Aurait-il fallu essayer de représenter ces aspects visibles pour cocher une case supplémentaire ? Pas nécessairement, car si la diversité des représentations n’est qu’un exercice de case à cocher, on passe à côté du sens profond de la démarche pour n’être que dans une manifestation forcée des attentes des consommateurs et consommatrices (le fameux virtue signalling) qui sont 70% à penser que la diversité dans la publicité est importante mais également 67% à penser que les marquent représentent des personnes diverses pour surfer sur des tendances ou être politiquement correctes, selon le baromètre Kantar Inclusion & Diversité dans les campagnes publicitaires françaises.

C’est une des peurs récurrentes de la part des publicitaires qui ont envie de mieux représenter la diversité des personnes mais craignent de ne pas pouvoir représenter tout le monde, et de s’en voir critiqué·es parce qu’il manque une personne noire, handicapée ou un couple homosexuel. Cette peur se fonde sur ce qu’on peut assimiler à une croyance limitante (c’est-a-dire une idée qu’on se fait sur soi-même, dont on s’est convaincu et qui nous freine dans nos actions) : si on ne fait pas preuve d’exhaustivité dans la représentation de la diversité, alors on échoue et la critique sera féroce (la fameuse peur du backlash ou retour de bâton).

Or cette croyance passe à mon sens à côté de deux facteurs déterminants :

l’orchestration de la publicité dans une campagne plus large c’est-à-dire le fait qu’une campagne publicitaire compte rarement une seule image ou vidéo mais souvent plusieurs, diffusées sur des canaux différents, qui sont autant d’occurrences possibles pour montrer des personnes différentes (ce que fait Passage du désir avec ces 3 visuels, souvent affichés côte-à-côte dans le métro).

la construction des valeurs de la marque sur un temps long, au-delà de la publicité : assumer qu’une campagne n’est pas exhaustive est d’autant plus facile qu’en tant que marque on se sent solide – et je ne dis pas irréprochable, simplement solide – et authentique dans ses engagements, que ce soit dans la publicité mais aussi dans la diversité des équipes, les prises de paroles institutionnelles ou encore les modes de recrutement.

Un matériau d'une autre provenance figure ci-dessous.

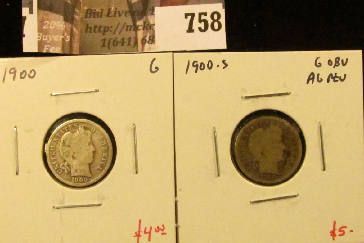 (2) Barber Dimes, 1900 G, 1900-S G obverse, AG reverse, G value for pair $9

En d’autres termes, ne pas être exhaustif dans une campagne n’empêche pas d’être dans une démarche authentique d’inclusion en tant que marque. Et c’est sur le temps longs et plusieurs campagnes consécutives qu’il faut juger de la diversité des personnes mises en avant.

Du love au care marketing

Si pendant longtemps, le marketing n’a juré que par le Graal de devenir une love brand (une marque qui veut être aimée inconditionnellement, dont la cible est plutôt constituée de fans que de client·es ), les besoins exprimés par les internautes nous indiquent qu’on recherche de plus en plus des care brands, c’est-à-dire des marques qui font attention à nous et qui nous sommes pour prendre soin de nous. C’est très observable dans le domaine de la beauté, lui aussi très intime.
En tant que consommatrice, je préfère de loin la promesse du soin à celle de l’amour venant d’une marque, car je la trouve plus alignée avec le rapport fondamentalement marchand que nous entretenons et qu’elle rentre en résonance avec la thématique du care exploré par les mouvements féministes depuis plusieurs années. Pour moi, une marque qui utilise un langage inclusif est d’une certaine façon dans le soin, car l’attention qu’elle témoigne à la question du genre des mots de sa communication contribue à réparer ce que l’usage permanent du masculin dit générique renforce : l’invisibilisation des femmes. Et si les marques peuvent contribuer à ce travail de réparation entamé par les féministes, même si les intentions ne sont pas nécessairement politiques, je prends, car j’y vois un progrès. Et j’ai envie de prendre comme des marques d’amour ce marketing des marques de l’amour.